** What needs to be done **
From top to bottom, print the listing word for word and skip any pictures it contains.

** Data extract **

* * * * * * * * *

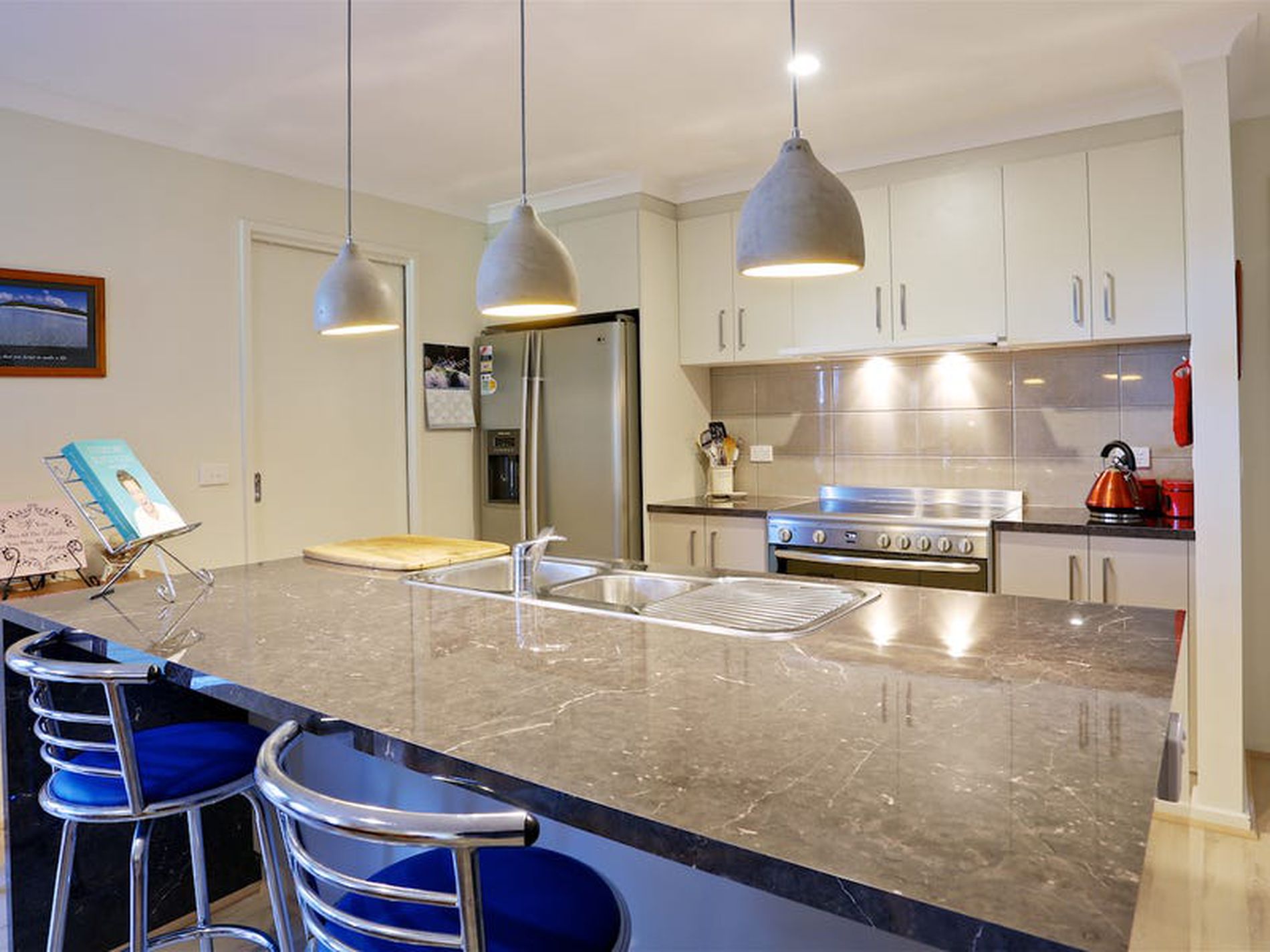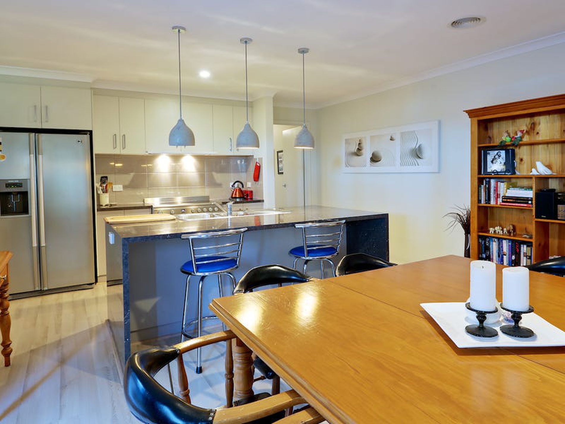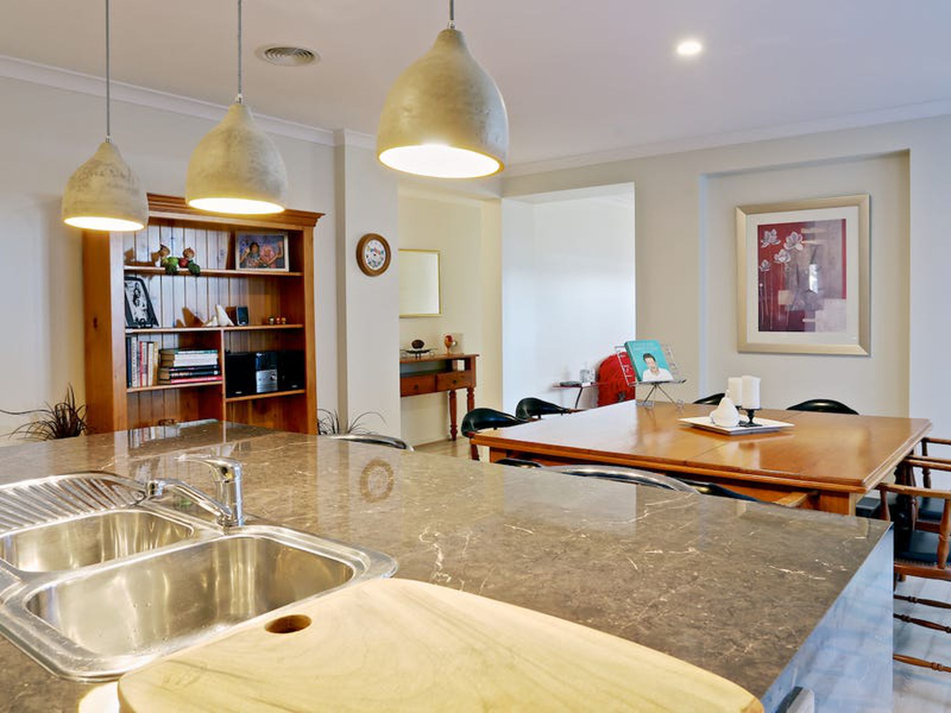 Open plan kitchen meals area, with features such as stone bench-tops and sliding draw dishwasher, this is a classy kitchen.
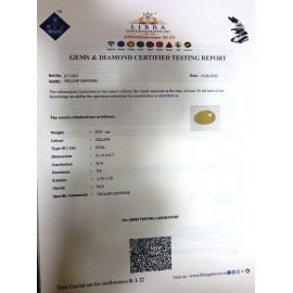 REPORT.NO.LY 629CLARITY.N/ACOLOUR.YELLOWSHAPE/CUT.OVALWT.8.82 CTSDIMENSION.4.9-1.6-4.6R.INDEX.1.76-1.78HARDNESS.9.0COMMENT.YELLOW SAPPHIRE..
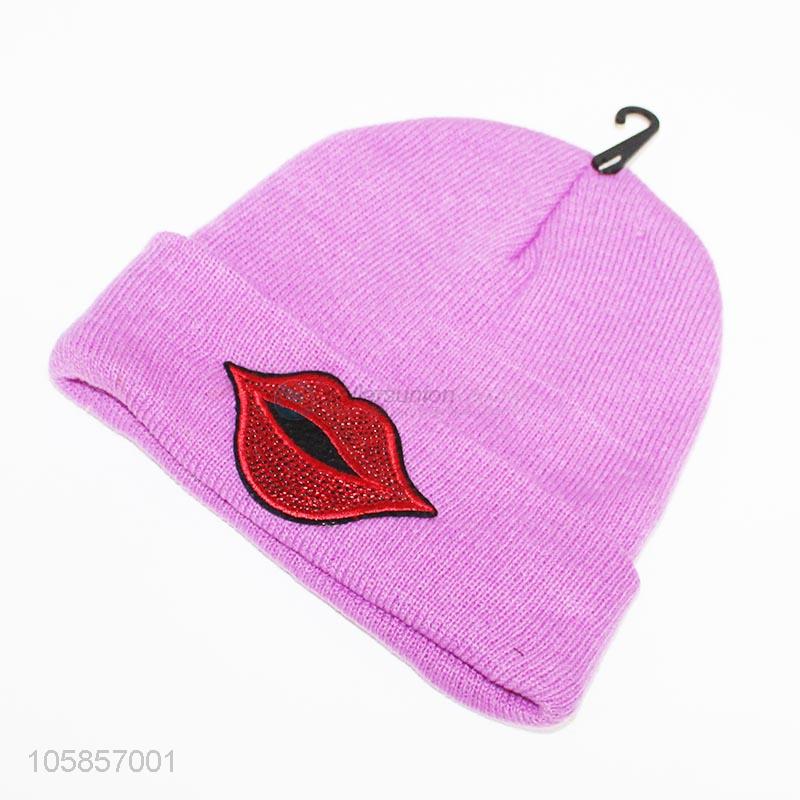 Wholesale fashion lip applique women winter knitting hat

* * * * * * * * *

** Result below **
 Open plan kitchen meals area, with features such as stone bench-tops and sliding draw dishwasher, this is a classy kitchen.
 REPORT.NO.LY 629CLARITY.N/ACOLOUR.YELLOWSHAPE/CUT.OVALWT.8.82 CTSDIMENSION.4.9-1.6-4.6R.INDEX.1.76-1.78HARDNESS.9.0COMMENT.YELLOW SAPPHIRE..
 Wholesale fashion lip applique women winter knitting hat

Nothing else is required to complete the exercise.